*Work task*: Repeat every record below exactly, leaving out the pictures.

[Saved data entries]
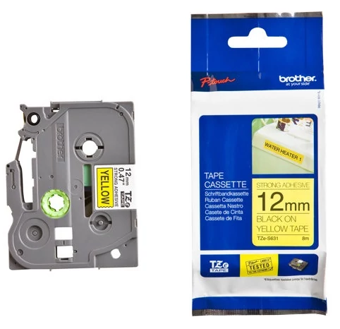 Brother TZE-S631 sárga alapon fekete eredeti feliratozó szalag (12mm x 8m)
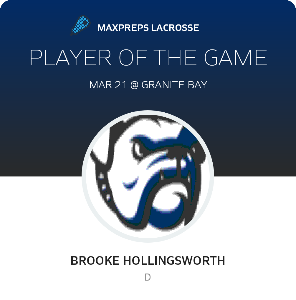 March 21, 2023: Granite Bay, CA 95746 In Tuesday's league contest, the Granite Bay Grizzlies (Granite Bay, CA) lacrosse squad routed the visiting Folsom Bulldogs (Folsom, CA), by a count of 21-2.
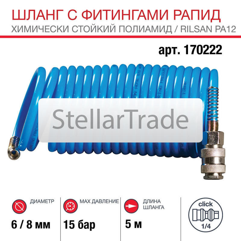 Шланг спиральный STELS 57015Спиральный воздушный шланг Stels 57015 диаметром 8 х 12 мм, длиной 10 м, с быстросъемными соединениями, выдерживает давление до 18 бар и предназначен для подключения пневматических инструментов к источнику сжатого воздуха. Изготовленный из легкого и устойчивого к воздействию агрессивных сред полиэтилена, шланг (рукав) не боится контактов со строительными смесями, маслом, бензином, а 7 050 тг.Stellartrade.kzДоставка: из АлматыПожаловатьсяКупить!
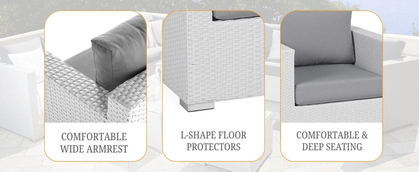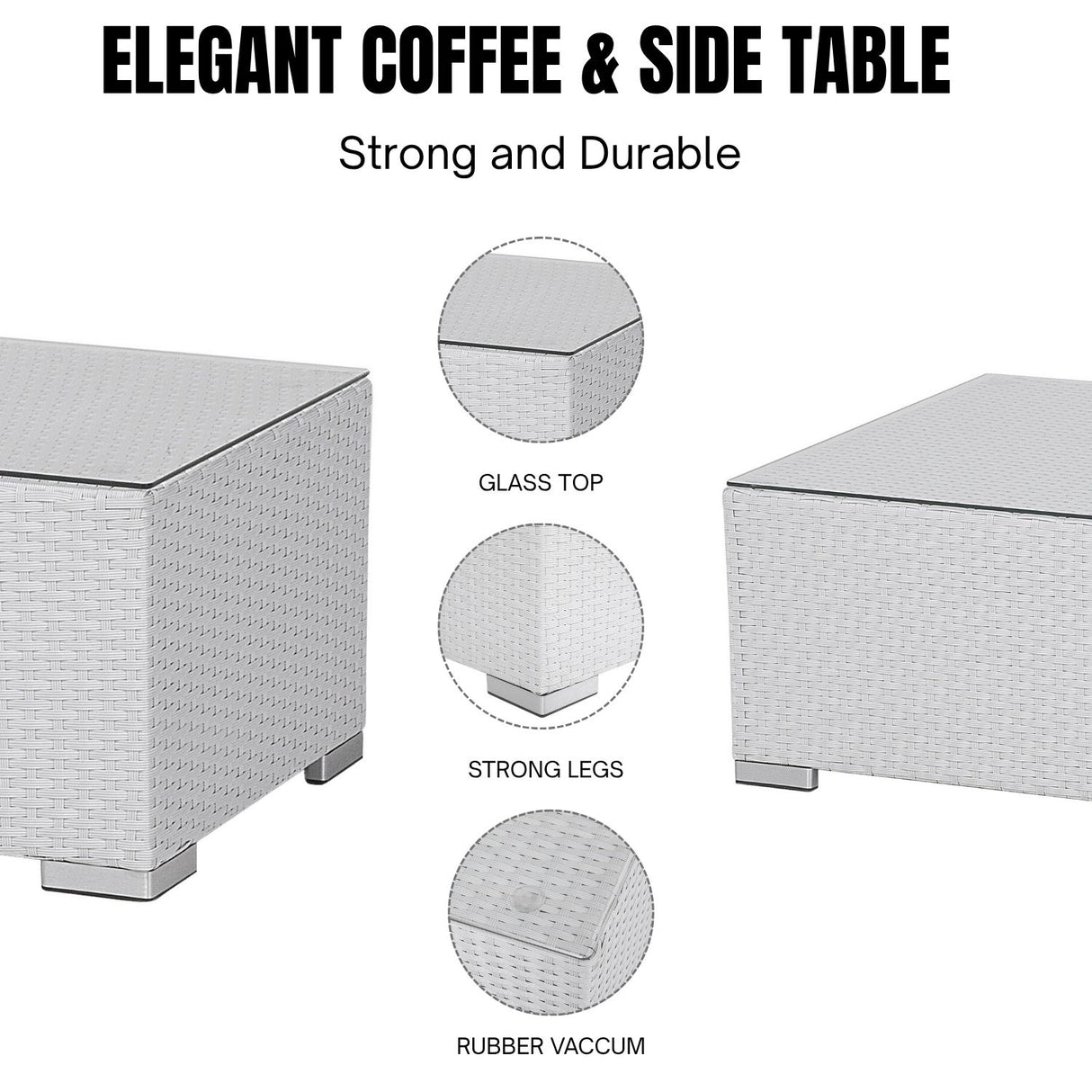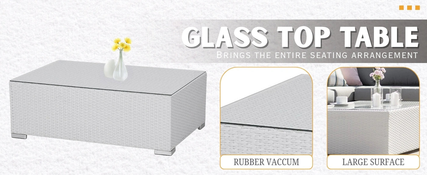 - Stylish Glass-Top Center & Side Tables : Includes a sleek and sturdy center & side table with a glass top perfect for serving drinks, snacks, or decor items outdoors.
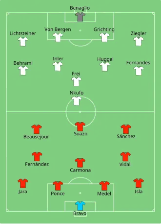 - ^ a b "Tactical Line-up – Group H – Chile-Switzerland" (PDF). FIFA.com. Fédération Internationale de Football Association. 21 June 2010. Archived from the original (PDF) on 20 September 2011. Retrieved 21 June 2010.
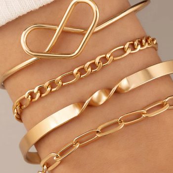 Fleepmart 5Pcs Set Gold/Silver Color Fashion Charm Bracelet Women Retro Glossy Geometric Metal Twist Chain Bangles Bracelet Set Jewelry
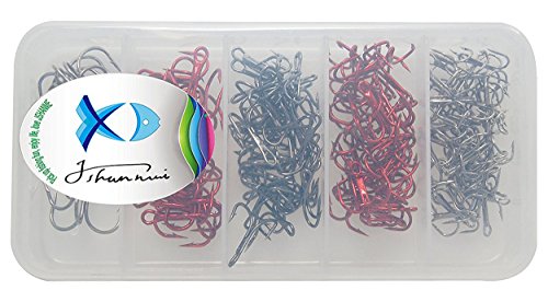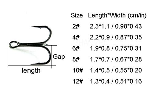 JSHANMEI 130Pcs/Lot Size #4 #6 #8 #10 Strong Treble Fishing Hooks High Carbon Steel Fishing Tools Hooks Tackles in Box for Lures Baits Classic Treble Fishhooks
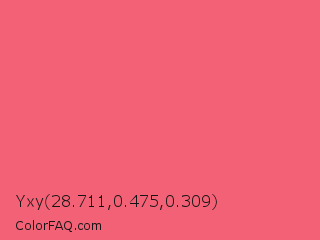 Yxy 28.711,0.475,0.309 Color is a light red color and the nearest color is Wild Watermelon #fd5b78. Hex code #f26175 and RGB value is rgb(242,97,117). In RGB color space, this color is composed of 95% red, 38% green, 46% blue, In CMYK color space, this color is composed of 0% cyan, 60% magenta, 52% yellow , 5% black , In HSL color space, this color has a hue angle of 352° , 85% saturation and 66% lightness.
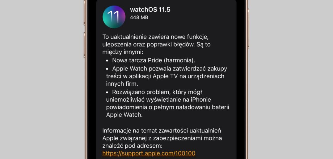 Aktualizacja watchOS 11.5 dodaje nową tarczę zegarka Pride i naprawia problem, który mógł uniemożliwiać wyświetlanie na iPhonie powiadomienia, że bateria Apple Watch jest w pełni naładowana. Poniżej znajdują się pełna informacje dodana do aktualizacji.

*Answer to this exercise*:
 Brother TZE-S631 sárga alapon fekete eredeti feliratozó szalag (12mm x 8m)
 March 21, 2023: Granite Bay, CA 95746 In Tuesday's league contest, the Granite Bay Grizzlies (Granite Bay, CA) lacrosse squad routed the visiting Folsom Bulldogs (Folsom, CA), by a count of 21-2.
 Шланг спиральный STELS 57015Спиральный воздушный шланг Stels 57015 диаметром 8 х 12 мм, длиной 10 м, с быстросъемными соединениями, выдерживает давление до 18 бар и предназначен для подключения пневматических инструментов к источнику сжатого воздуха. Изготовленный из легкого и устойчивого к воздействию агрессивных сред полиэтилена, шланг (рукав) не боится контактов со строительными смесями, маслом, бензином, а 7 050 тг.Stellartrade.kzДоставка: из АлматыПожаловатьсяКупить!
 - Stylish Glass-Top Center & Side Tables : Includes a sleek and sturdy center & side table with a glass top perfect for serving drinks, snacks, or decor items outdoors.
 - ^ a b "Tactical Line-up – Group H – Chile-Switzerland" (PDF). FIFA.com. Fédération Internationale de Football Association. 21 June 2010. Archived from the original (PDF) on 20 September 2011. Retrieved 21 June 2010.
 Fleepmart 5Pcs Set Gold/Silver Color Fashion Charm Bracelet Women Retro Glossy Geometric Metal Twist Chain Bangles Bracelet Set Jewelry
 JSHANMEI 130Pcs/Lot Size #4 #6 #8 #10 Strong Treble Fishing Hooks High Carbon Steel Fishing Tools Hooks Tackles in Box for Lures Baits Classic Treble Fishhooks
 Yxy 28.711,0.475,0.309 Color is a light red color and the nearest color is Wild Watermelon #fd5b78. Hex code #f26175 and RGB value is rgb(242,97,117). In RGB color space, this color is composed of 95% red, 38% green, 46% blue, In CMYK color space, this color is composed of 0% cyan, 60% magenta, 52% yellow , 5% black , In HSL color space, this color has a hue angle of 352° , 85% saturation and 66% lightness.
 Aktualizacja watchOS 11.5 dodaje nową tarczę zegarka Pride i naprawia problem, który mógł uniemożliwiać wyświetlanie na iPhonie powiadomienia, że bateria Apple Watch jest w pełni naładowana. Poniżej znajdują się pełna informacje dodana do aktualizacji.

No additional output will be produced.